FIRS generates N23bn unpaid taxes from corporate firms
The Federal Inland Revenue Service (FIRS) has generated over N23 billion in unpaid taxes from the recently suspended substitution exercise on corporate bank accounts, which was marked by the imposition of restriction on the accounts of tax-defaulting organisations.
This was disclosed in Lagos on Thursday by Mr. Babatunde Fowler, the FIRS Chairman.
The FIRS boss made the disclosure at the Manufacturers Association of Nigeria (MAN) Interactive Forum on Tax Matters.
Fowler, who was guest speaker at the event, which held at the MAN House in Ikeja, explained that the focus of exercise were 3,000 companies deducting Value Added Tax (VAT) and Withholding Tax (WHT) on behalf of the Federal Government without remitting such.
The companies, he said, had no tax identification and therefore could not remit the deducted taxes to government, making them treat such deductions as part of their cash flow.
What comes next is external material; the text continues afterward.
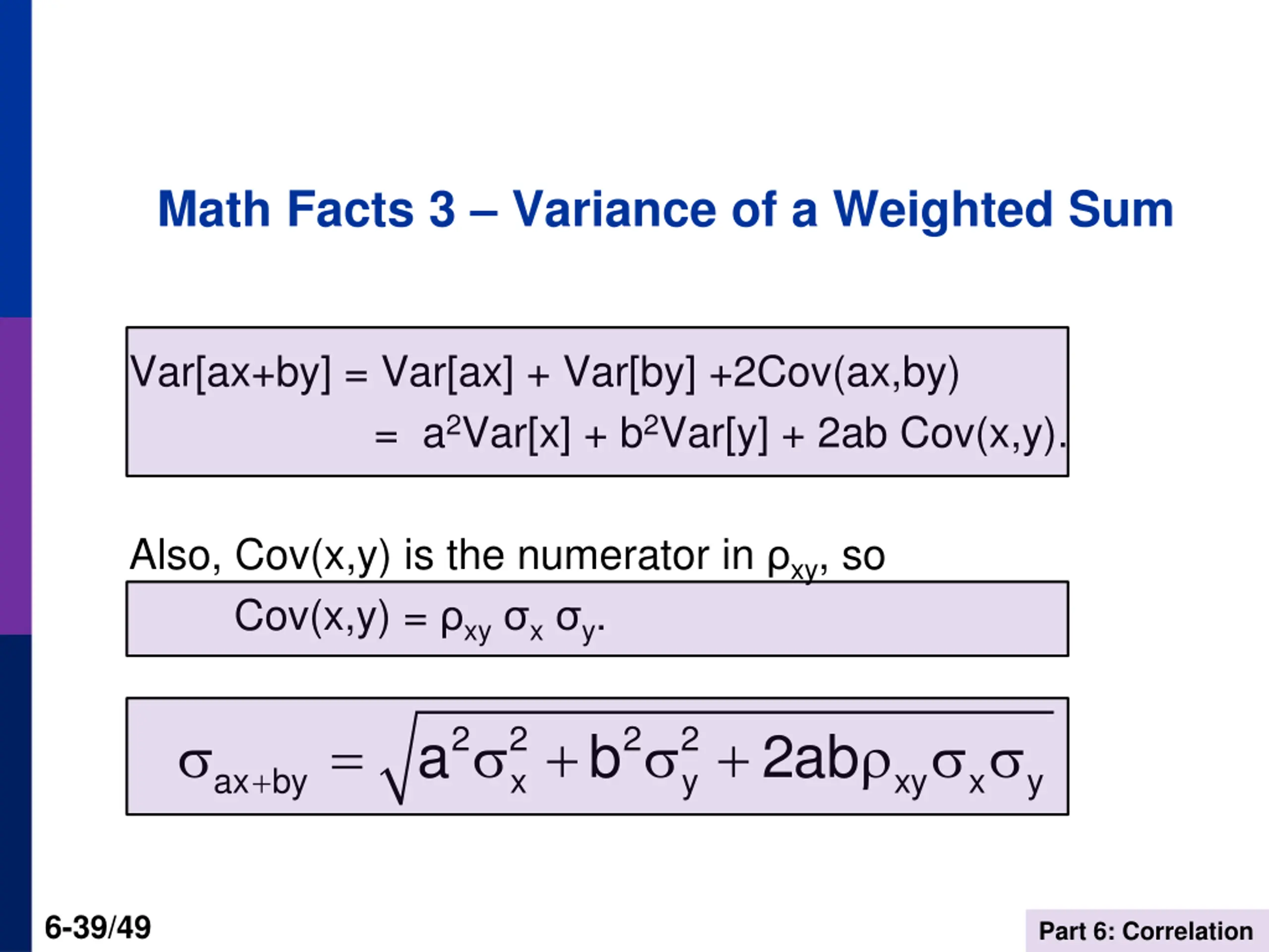 Math Facts 3 Variance of a Weighted Sum Var[ax+by] = Var[ax] + Var[by] +2Cov(ax,by) = a2Var[x] + b2Var[y] + 2ab Cov(x,y). Also, Cov(x,y) is the numerator in xy, so Cov(x,y) = xy x y. = + + 2 2 x 2 2 y a b 2ab ax by + xy x y 6-39/49 Part 6: Correlation

Fowler stated that the suspension of the exercise for 30 days, announced last weekend, was occasioned by the deluge of corporate taxpayers visiting FIRS offices to regularize their tax affairs and make payments, a situation that stretched the Service administratively, as it could not lift the lien on their accounts as quickly as it wished.
Thus, the FIRS directed banks to lift restrictions on such accounts to allow affected tax companies regularize their tax status within 30 days and begin to make arrangements for the liquidation of their tax liabilities.
According to the FIRS Chairman, the Service’s decision to place lien on accounts of businesses, corporate organisations and partnerships with an annual banking turnover in excess of N1billion, but without tax identification, was announced at a stakeholders’ meeting last September.
“Our position was that if you charge VAT, which is not your money; or deduct Withholding Tax from vendors and you have no tax identification, you cannot even pay tax to the FIRS because you can’t pay without tax identification. So these operators were defrauding the society and the nation by charging consumers VAT, by deducting Withholding Tax and not remitting on behalf of other taxpayers.
”We had over 3,000 of such and we said if they do not come forward, we’d follow the law and do what they call substitution. Now, what the Act actually says is that the banks should deduct the amount of taxes from accounts. We, however, told the banks not to deduct the amounts, but put a lien on those accounts and let the taxpayers come forward. And till date, over N23billion has been paid on those accounts,” he said.
Fowler added that the FIRS also noticed that operators that had banking turnover of between N100 million and N1 billion were equally guilty.
The FIRS, he disclosed, received information from banks that there are 59,000 of such operators, who are without tax identification and have not been making payments to the Federation Account.
Fowler stated that the decision to place restrictions on accounts was taken to protect taxpayers, who had Withholding Tax deducted from their contracts, and consumers, who paid unremitted VAT.
He stated that 85 per cent of VAT goes to the states, which need them for salaries and other obligations.
He equally stated that during the implementation of the Voluntary Assets and Income Declaration Scheme (VAIDS), it was discovered that 50 per cent of the N96 billion tax debt was related to VAT.
Responding to MAN President, Engr. Mansur Ahmed’s plea that the FIRS should expand the tax net and not the tax burden, Fowler said the restrictions placed on corporate accounts have helped achieve the former.
In addition, he disclosed that in the last 18 months, the FIRS has added over 1.2 million business accounts to the tax net and under the Joint Tax Board, which he chairs, over 1 million individual accounts have been added.
The FIRS Chairman, however, admitted that the Service made some administrative errors, which made banks place restrictions on accounts of a few companies with tax identification.
This, he explained, arose from wrong information from the banks. But restrictions on such, he added, were lifted within 24 hours in addition to the tendering of formal apology to those impacted.